* Records for this task
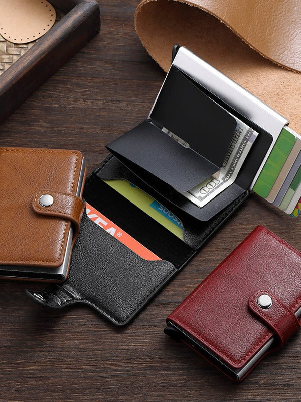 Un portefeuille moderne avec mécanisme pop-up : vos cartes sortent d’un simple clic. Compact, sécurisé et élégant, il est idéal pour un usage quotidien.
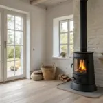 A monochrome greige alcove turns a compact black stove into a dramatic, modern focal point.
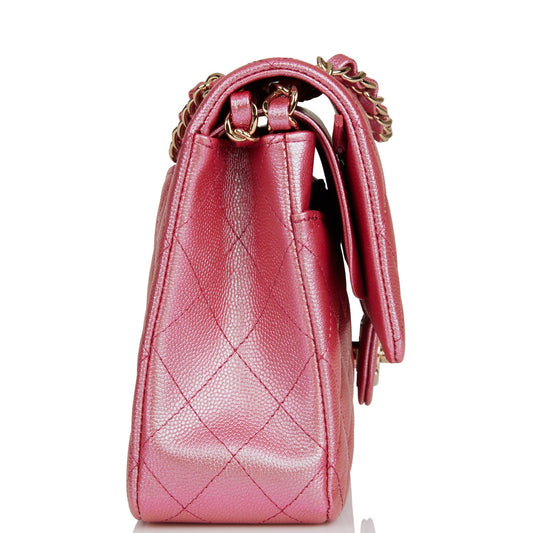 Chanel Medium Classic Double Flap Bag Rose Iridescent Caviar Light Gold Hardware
...
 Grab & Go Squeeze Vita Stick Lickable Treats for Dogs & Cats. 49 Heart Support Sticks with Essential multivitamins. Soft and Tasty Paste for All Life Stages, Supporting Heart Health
* * *
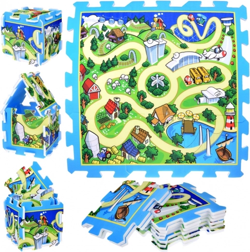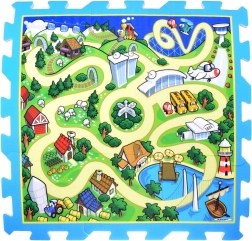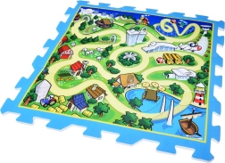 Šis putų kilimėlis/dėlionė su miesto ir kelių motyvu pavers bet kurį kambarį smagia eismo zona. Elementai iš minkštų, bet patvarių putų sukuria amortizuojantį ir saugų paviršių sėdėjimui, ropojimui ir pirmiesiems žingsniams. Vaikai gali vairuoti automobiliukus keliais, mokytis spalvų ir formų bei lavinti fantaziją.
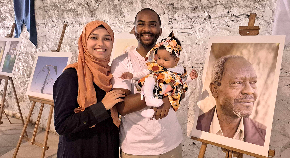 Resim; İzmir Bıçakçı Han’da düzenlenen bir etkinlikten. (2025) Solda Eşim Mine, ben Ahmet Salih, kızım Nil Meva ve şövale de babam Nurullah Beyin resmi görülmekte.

* What you will do
Above are the records; copy from them only the lines starting at the one containing "A monochrome greige" and ending at the one containing "Chanel Medium Classic", exactly and without pictures.

* Solved problem
 A monochrome greige alcove turns a compact black stove into a dramatic, modern focal point.
 Chanel Medium Classic Double Flap Bag Rose Iridescent Caviar Light Gold Hardware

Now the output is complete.